SINGLE: Dark Was the Night – Cold Was the Ground / It’s Nobody’s Fault but Mine
ARTIST: Blind Willie Johnson
RYM RANK: #218
RYM RATING: 4.05/5 (average of 511 ratings)
“Dark was the night and cold was the ground
On which the Lord was laid;
The sweat like drops of blood run down;
In agony he prayed”
– “Dark Was the Night”, Thomas Haweis
The opening words of Haweis’ limerick, dated all the way back to 1792, allude to the moment when Jesus Christ lay in the Garden of Gethsemane in solitude and sorrow, pleading to God to pardon him of his inevitable fate; a plea that would go unheard as Jesus would later be arrested by the Romans that very night. The hymn depicts one of the more humanizing moments of the life of Christ, where he dreaded the inevitably of death and begged – as most do – for a prolonged stay on Earth amidst the comfort of his friends and family.
Gospel music, particularly in the context of African-American culture, is stereotypically associated with joyousness and good hope and will towards fellow man. However, as exemplified by Christ’s final prayer in Gethsemane, the Bible is hardly a happy tale; it’s instead a story that reeks of oppression, despair, and – ultimately – death. And certainly, the history of enslavement and persecution that has forever plagued Black America is reflective of this kind of grimness which is partly why Blind Willie Johnson’s “Dark Was the Night – Cold Was the Ground” – itself an allusion to Haweis’ hymn – rivals “Strange Fruit” as being the most emblematic testament of the worst of the Black American experience.
Blind Willie Johnson was certainly a man whose life was rife with unhappiness. Said to have been violently blinded by his step-mother as a child, Willie had spent the near entirety of his life alone in darkness. Though he was a devout Christian, having written most his songs in the vein of gospel and having spent his later life as the reverend of a small town, “Dark Was the Night – Cold Was the Ground” was indicative of a great sadness and fear; of the dread of having your life end like Christ’s, where you’re left die without justice and without the full satisfactions of the human experience.
For this subliminal content alone, “Dark Was the Night – Cold Was the Ground” is perhaps the purest example of blues ever recorded.
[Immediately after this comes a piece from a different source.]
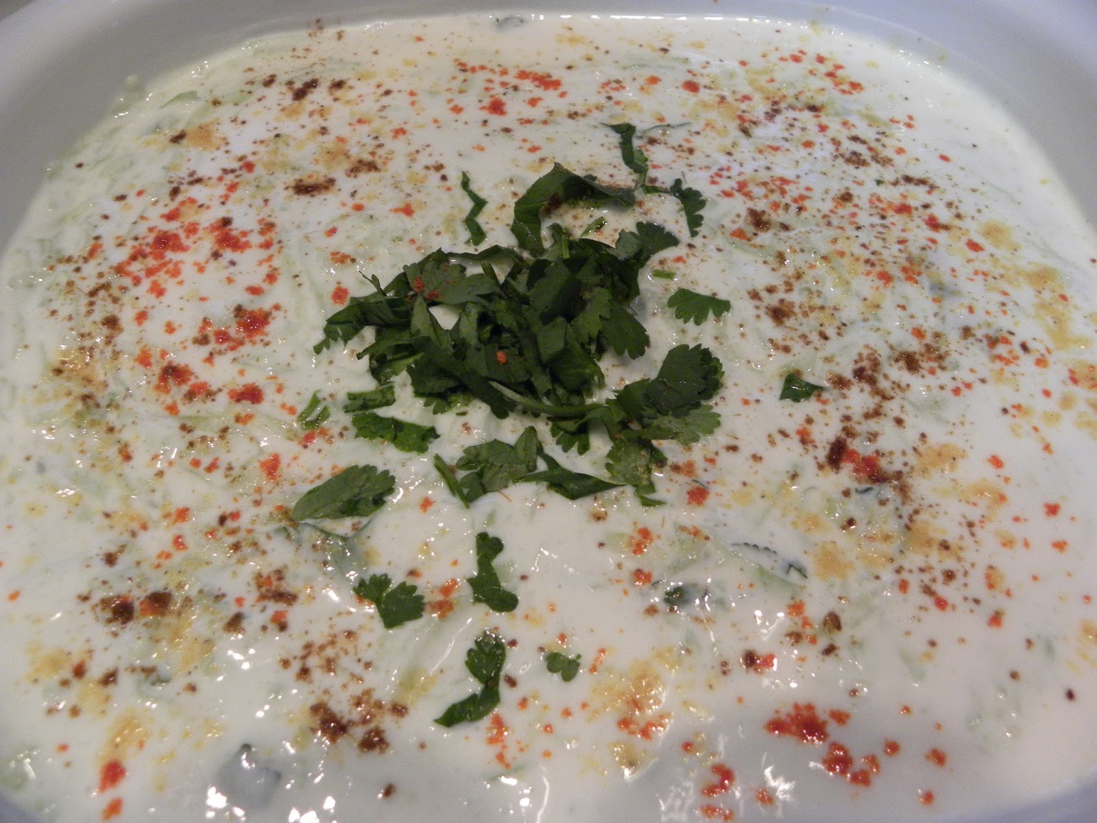 Raita is a healthy compliment to any meal. A typical meal is not complete without raita. Raita is made of yogurt combined with different vegetables and/or fruits. The combination of Yogurts’ probiotics and fresh cucumber with vitamins has a soothing affect on the digestive system against the highly seasoned foods. Variations can be made by substituting fruits and other vegetables.

The song’s pureness of heart is only rivaled in bareness by the fabric of its composition, whereby the recording consists of little more than a lonely wandering guitar riff and Willie’s wordless, soul-crushing humming. The audio quality of this single is aged but that omniscient hiss which clouds over Willie’s playing shrouds the song like heavy rain, only amplifying the melancholy of his soft cry for help.
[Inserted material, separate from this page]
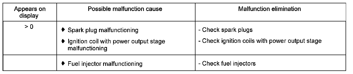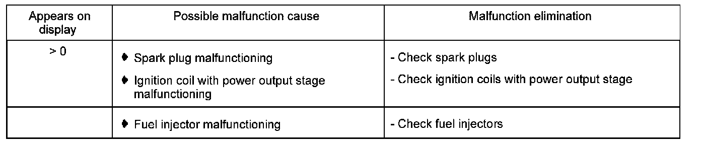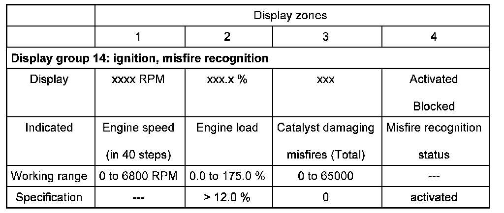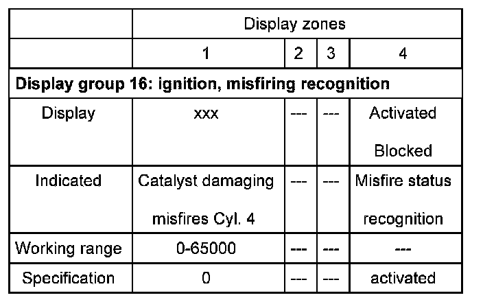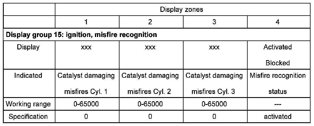 Evaluating display group 15 display zones 1 to 3 and display group 16 display zone 1 - total number of catalyst damaging misfires Cyl. 1 to Cyl. 4

Indeed, it’s possible that the wrinkles and emptiness of “Dark Was the Night – Cold Was the Ground” is what embeds the track with its timeless essence. Its cross-generational admiration is strong enough for the song to have titularly inspired the remarkable 2008 compilation, Dark Was the Night, which features a faithful cover of the track as performed by the Kronos Quartet. The compilation was a means for the Red Hot Organization to raise money for AIDS research and while the comp offers plenty of optimism to enjoy, the stench of death pervades throughout its runtime. For a compilation that possesses such an arching sense of gloom, there is no doubt that Willie (himself the fatal victim of a sexually transmitted disease, in his case syphilis) would be the ideal American artist to whom to pay tribute to and although his discography is rich with one brilliant single after another, there is no song of Willie’s catalogue more legendary or haunting than “Dark Was the Night – Cold Was the Ground”.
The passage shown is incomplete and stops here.